Brainbocs continued. The wistful tone in his voice suggesting that he was already addressing posterity rather than me.

‘When I found out it was Mrs Llantrisant, I couldn’t believe it. It was impossible. That daft, weather-obsessed, step-swabbing moron? The leader of the ESSJAT? How could it be? That’s why I devised the poisoned apples and the deathbed confession: I needed to be certain. All I wanted was her to say yes or no. But the silly old bag had other ideas. She was convinced she was going to die and said she had this terrible secret on her conscience which she didn’t want to take to the grave. I tried to shut her up but she wouldn’t listen. I suppose she saw it as her big moment and wasn’t going to be cheated of it.’

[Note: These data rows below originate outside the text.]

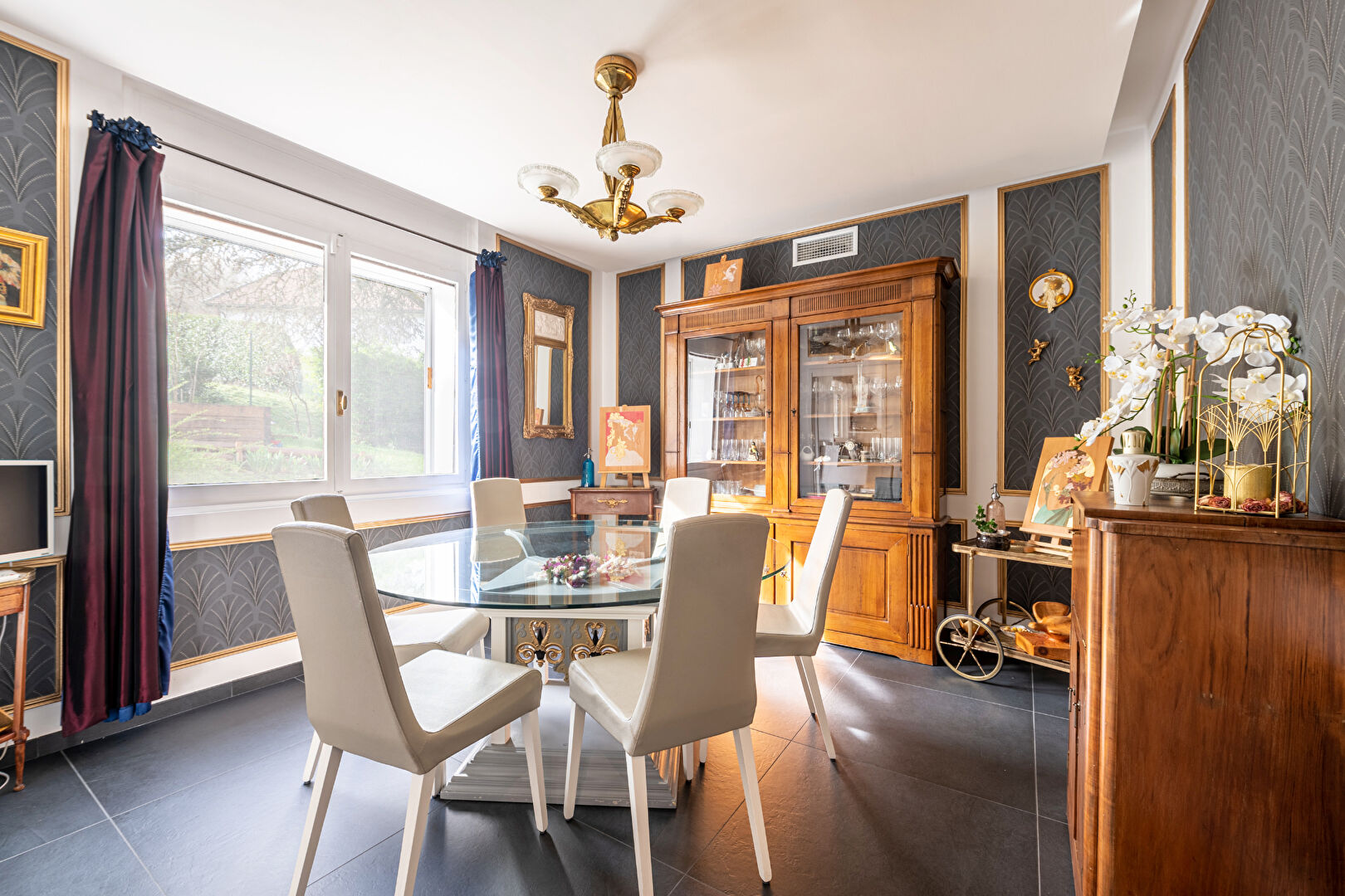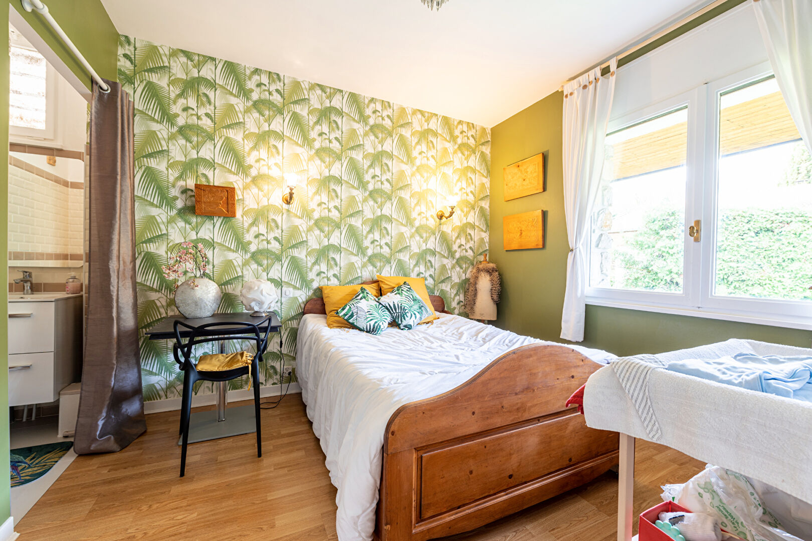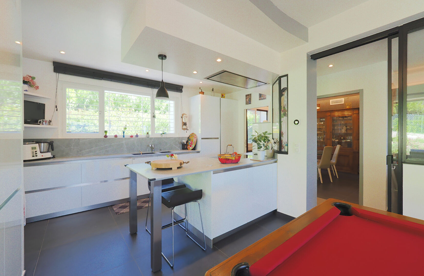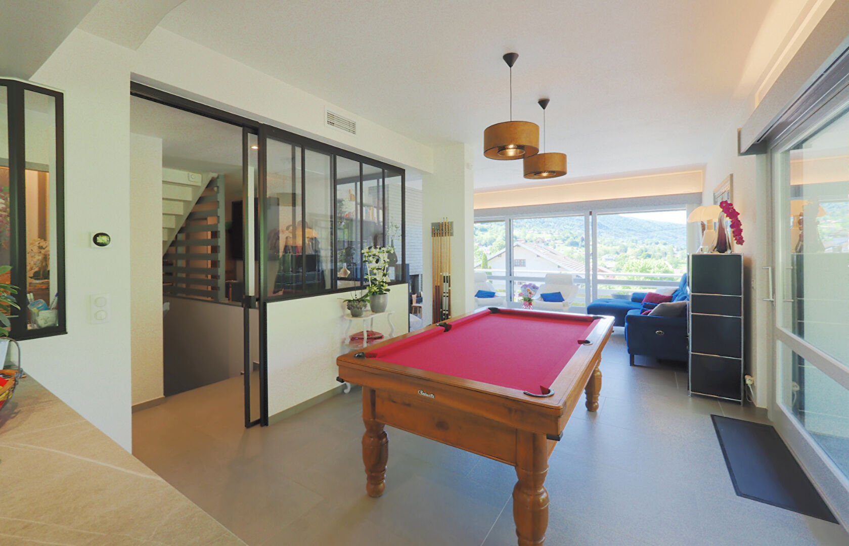 Au rez-de-jardin, vaste et lumineuse pièce de vie de 47m² ouverte sur la terrasse et le jardin et comprenant un séjour avec cheminée et une cuisine américaine super équipée, salle à manger, dégagement, 2 chambres dont une suite parentale avec dressing et salle d'eau, et un WC indépendant. A l'étage, dégagement, 2 chambres et salle d'eau avec WC.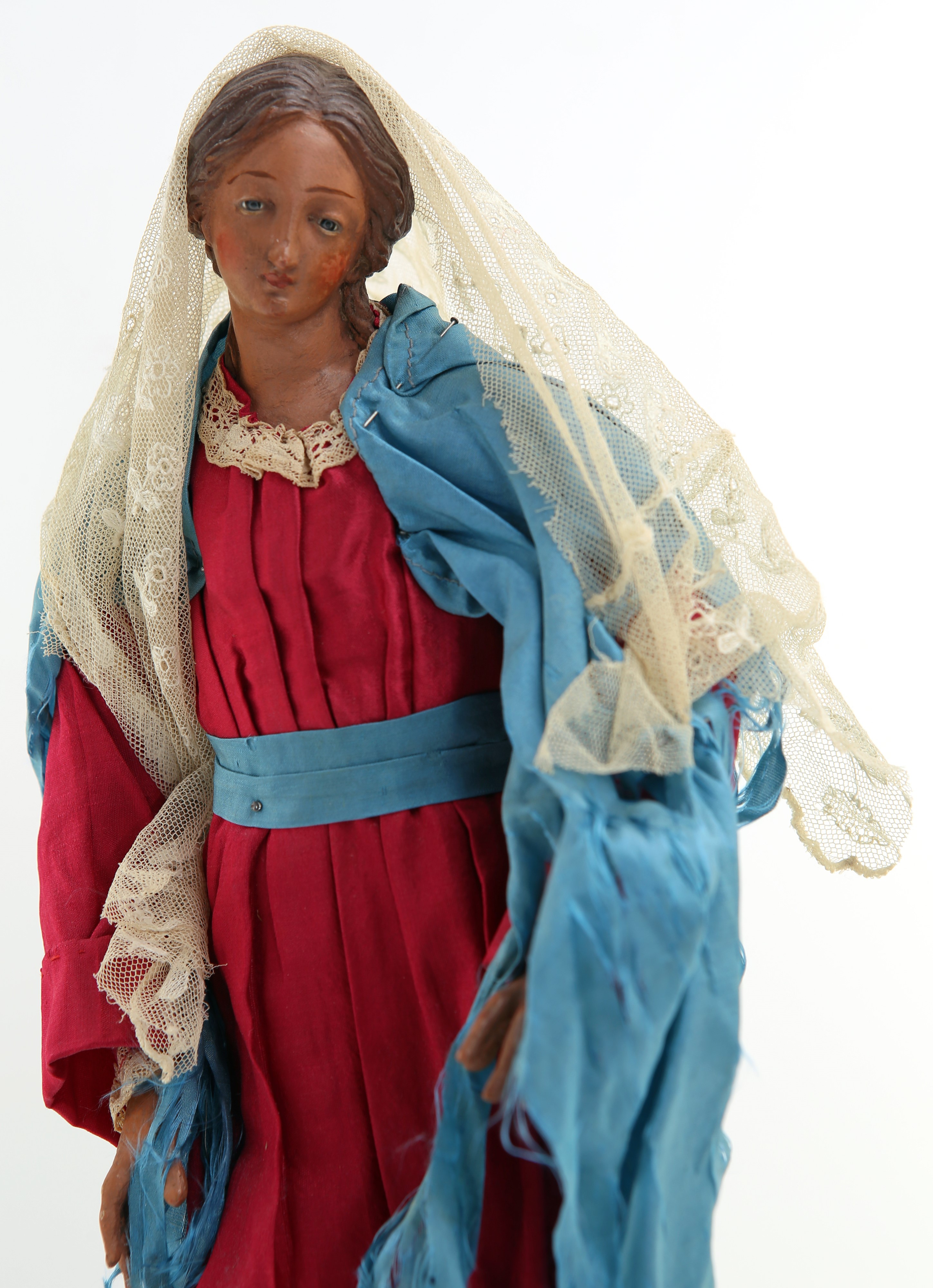 veste rosso porpora trattenuta in vita da fusciacca turchese, orlo girocollo di merletto, mantello azzurro e scialle di merletto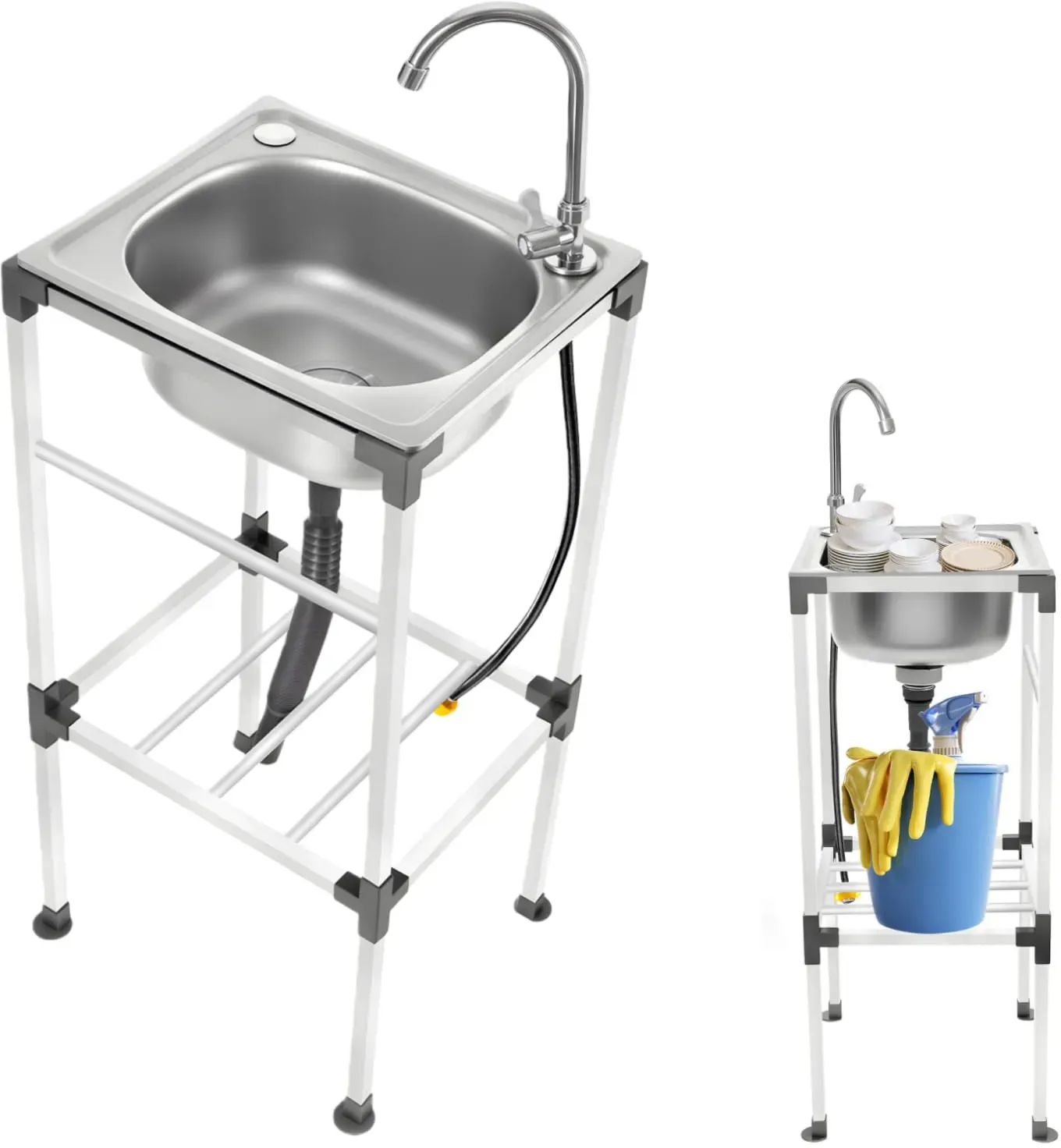 keine Angabe Sofort lieferbar, 3-5 Werktage in_stockGOJOY Mobile Spüle Küchenspüle, Freistehender Spülbecken, Multifunktions Freistehendes Edelstahl Einzelbecken Becken Waschbecken mit Wasserhahn für den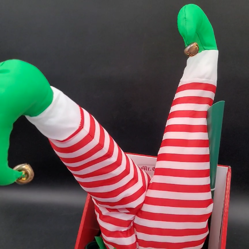 New Mr Christmas Holiday Red White Elf Tree Kicker Motion Activated Kicking Legs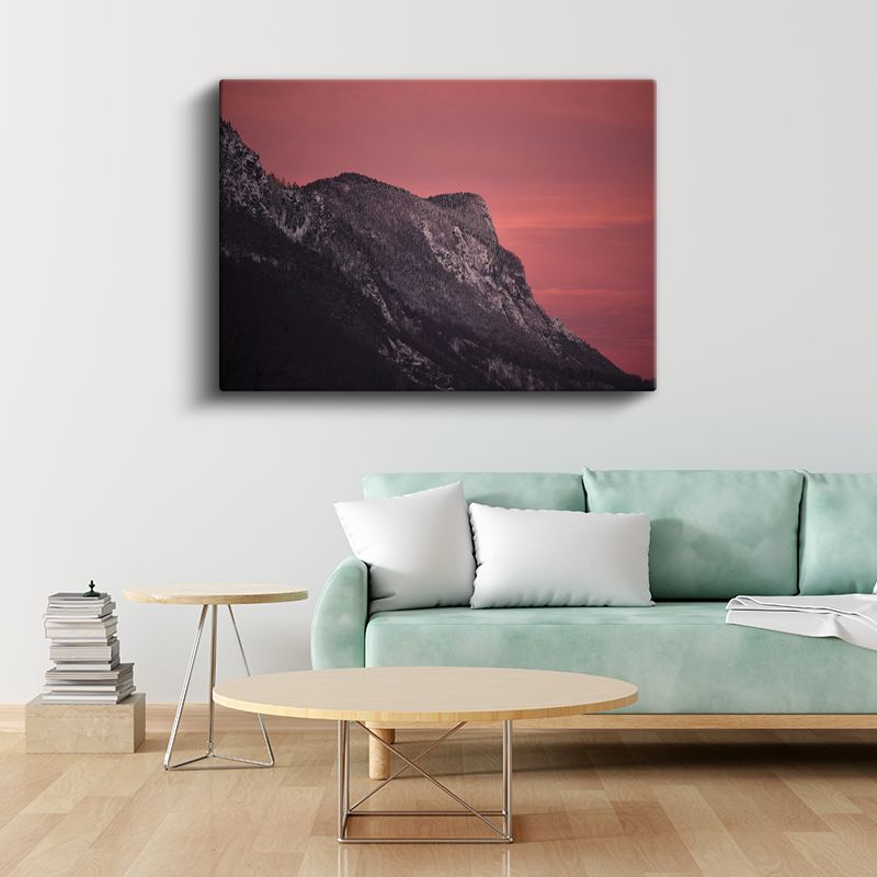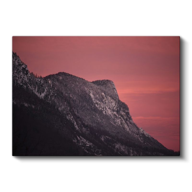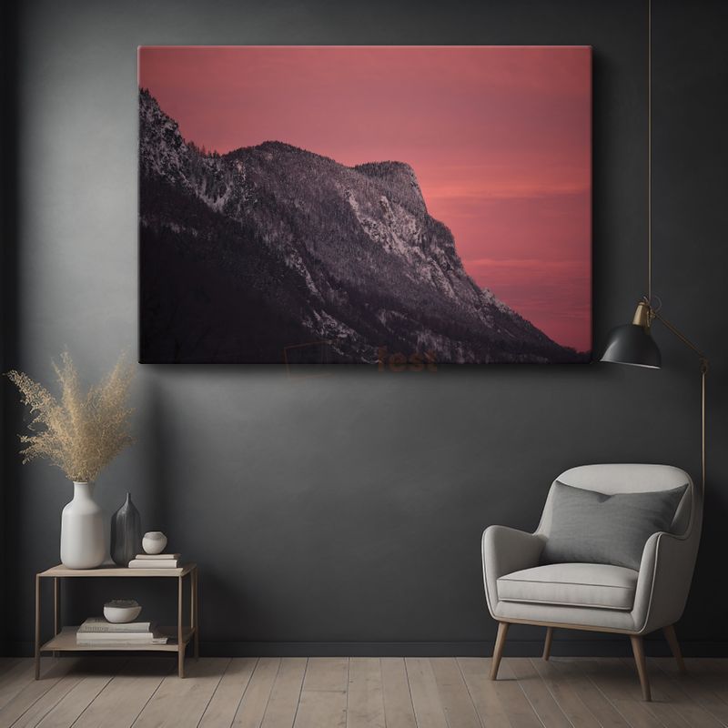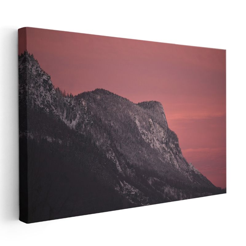 Alacakaranlık Dağları - Pembe Gökyüzünün Altında Heybetli Zirve Kanvas Tablo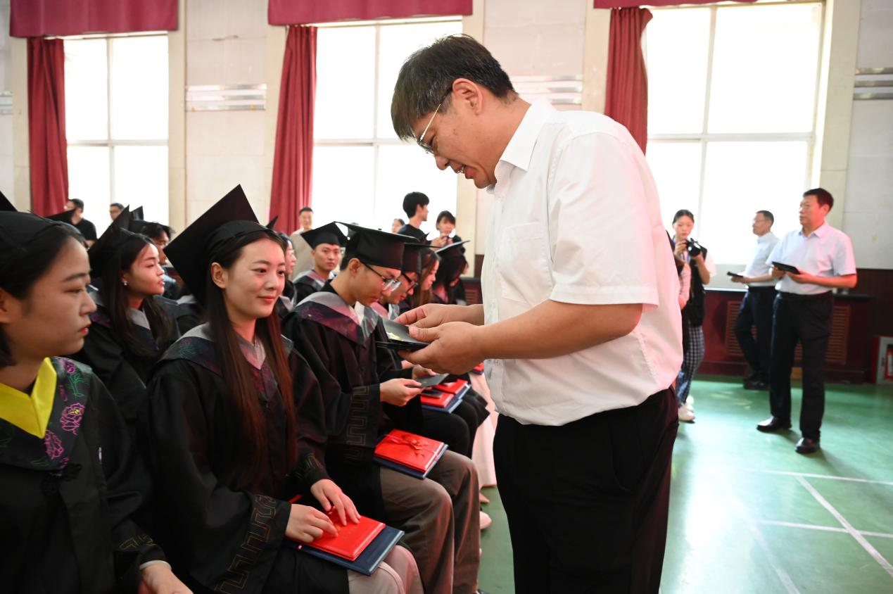 根据《suncitygroup太阳集团优秀毕业生评选办法》,公司授予253名同学“suncitygroup太阳集团优秀毕业生”的荣誉称号,教育厅授予74名同学“河北省普通高等公司优秀毕业生”荣誉称号。校院领导为毕业生代表颁发了毕业证书和学位证书,为优秀毕业生代表颁发了荣誉证书。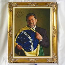 PINTURA (79X58,5 CM) SOBRE TELA, RETRATANDO O PRESIDENTE LUIZ INÁCIO LULA DA SILVA SEGURANDO A BANDEIRA DO BRASIL, QUE ESTÁ SOBREPOSTA SOBRE SEU OMBRO DIREITO. POSSUI FUNDO EM TONS DE MARROM E DOURADO. NO CANTO INFERIOR DIREITO, ASSINATURA DA ARTISTA 'BETTO CALVI 2003'. NO CANTO SUPERIOR ESQUERDO, A INSCRIÇÃO '27 DE OUTUBRO DE 2002 / PARABÉNS, LULA / PARABÉNS, PRESIDENTE / PROF. DR. ANTONIO MACIEL / TARAUACÁ - ACRE'. POSSUI MOLDURA TRABALHADA, PINTADA NA COR DOURADA. ATRÁS, TEXTO ENDEREÇADO AO PRESIDENTE LULA, ASSINADO PELO REMETENTE, DATADO DE 16/10/2006.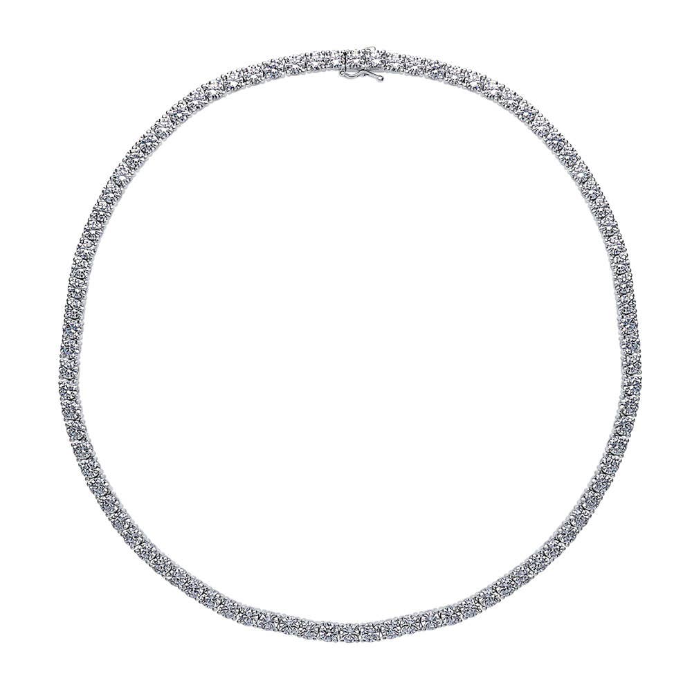 Ce collier de tennis tendance ajoutera une touche sophistiquée à votre décolleté grâce à sa gamme scintillante de pierres brillantes. Fabriqué en argent sterling 925 fin, sans nickel. Serti de zircone cubique ronde CZ (4 mm) de qualité supérieure de 25 carats, serti à griffes. La chaîne mesure 17 pouces de longueur et 5 mm de largeur. Boîte avec languette et fermoir de sécurité. Importé.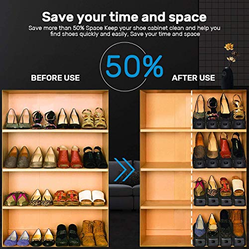 YUNDOO Scarpiera Salvaspazio, 10pezzi Creativo Regolabile Organizer Scarpe Durevole Salvaspazio Scarpe Shoe Organizer Nero Regalo Spazzola per Scarpe e Panno di Fibra (nero-10 PCS) (Nero)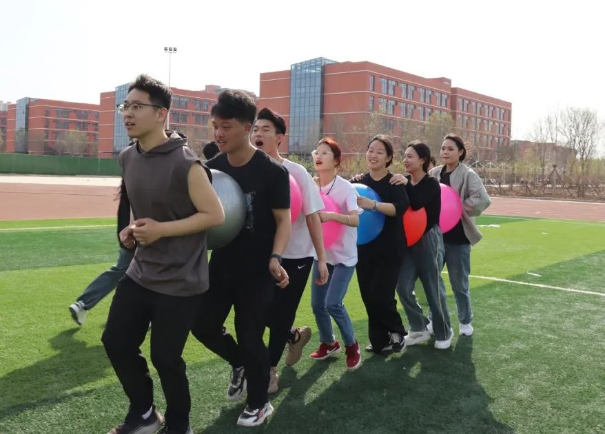 规则:首先十人小队两两组合,两人一小组,背对背将球夹在后背中间,四手相挎不可碰球,绕障碍物跑一圈,交接给下组,直到小队全部完成,记录用时。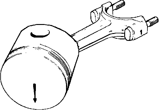 Using a press to press the piston pin, mount the pistons to the rods with the arrow on the piston facing toward the flywheel and the mark on the connecting rod, made during disassembly, facing away from the camshaft, Fig. 31.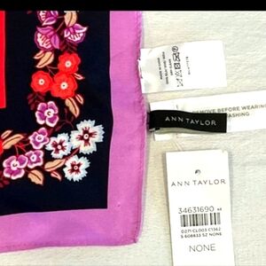 This ANN TAYLOR new with tags, silk scarf has lovely multi colored flowers on a black background with purple edging. Scarf has a hemmed edge (not rolled) and is 100% silk. Scarf is square and measures 42 inches x 42 inches. See photos.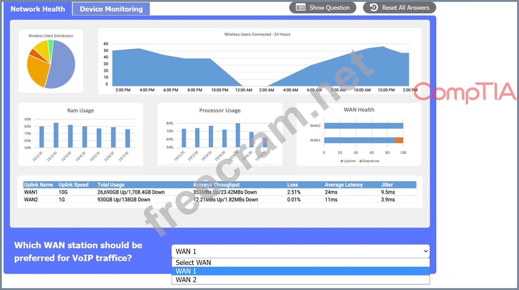 WAN 2 appears to have a lower average latency and loss percentage, which would make it the preferred WAN station for VoIP traffic. VoIP traffic requires low latency and packet loss to ensure good voice quality and reliability. WAN 1 seems to have higher RAM and processor usage, which could also affect the performance of VoIP traffic.

‘And you found out that Rio Caeriog wasn’t a military triumph after all?’

Brainbocs shook his head sadly. ‘Oh no, far worse than that. I already knew it was a military disaster. That much I could have come to terms with. No, I found out something far worse. Something that spelled death for the whole project. The land reclamation, the beautiful boat, the whole Exodus – kaput!’

It was as if the air was slowly drained out of him. He leaned forward, put an elbow on the table and placed his chin softly into his cupped hand. The messianic fervour was gone and he looked at me; almost as if he was appealing for help.

‘Lovespoon is English.’

I gasped. Brainbocs nodded his head slowly and closed his eyes.

‘Imagine how I felt? The man to whom I had devoted my life, for whose glory I had created my masterpiece, the Cantref-y-Gwaelod reclamation scheme, was an impostor. From Slough.’

For a while neither of us spoke. A quiet so absolute filled the room that I could hear the sound of each of us breathing. Gradually Brainbocs gathered himself together again.

‘There were five of them in the bomber. Mrs Llantrisant, Dai the Custard Pie, Herod Jenkins, Lovespoon and Frobisher. Lovespoon is actually Frobisher.’

‘The English volunteer?’

‘Yes. The real Lovespoon died when the Lancaster ditched in the Rio Caeriog after the mission. Or rather, he died soon after it. Apparently he wasn’t going to make it anyway, so they all helped him along a bit. They were all in it. They hit on the plan to finish him off and Frobisher would take his identity. Then after the war they would share the money. The real Lovespoon was rich, you see. As the icing on the cake, they cut off his John Thomas and stuffed it in his mouth to make it look like the work of Indians.’

‘Don’t tell me, it was Herod who did that.’

‘Gwenno … er … Mrs Llantrisant actually.’

I nodded gently as I slowly absorbed the enormity of what he was telling me.

‘This is what Mrs Llantrisant told me during her deathbed confession. It might still have been OK. But I was so staggered by what I heard that right in the middle of the confession I cried out “fucking hell!”’ He smiled sadly. ‘I’ll say one thing for Mrs Llantrisant: she’s a smart woman. She knew instantly what was up. That was when I made my first mistake: my only one, in fact. I should have killed her right there in the bedroom.’ He looked at me. ‘I could, you know. I know how.’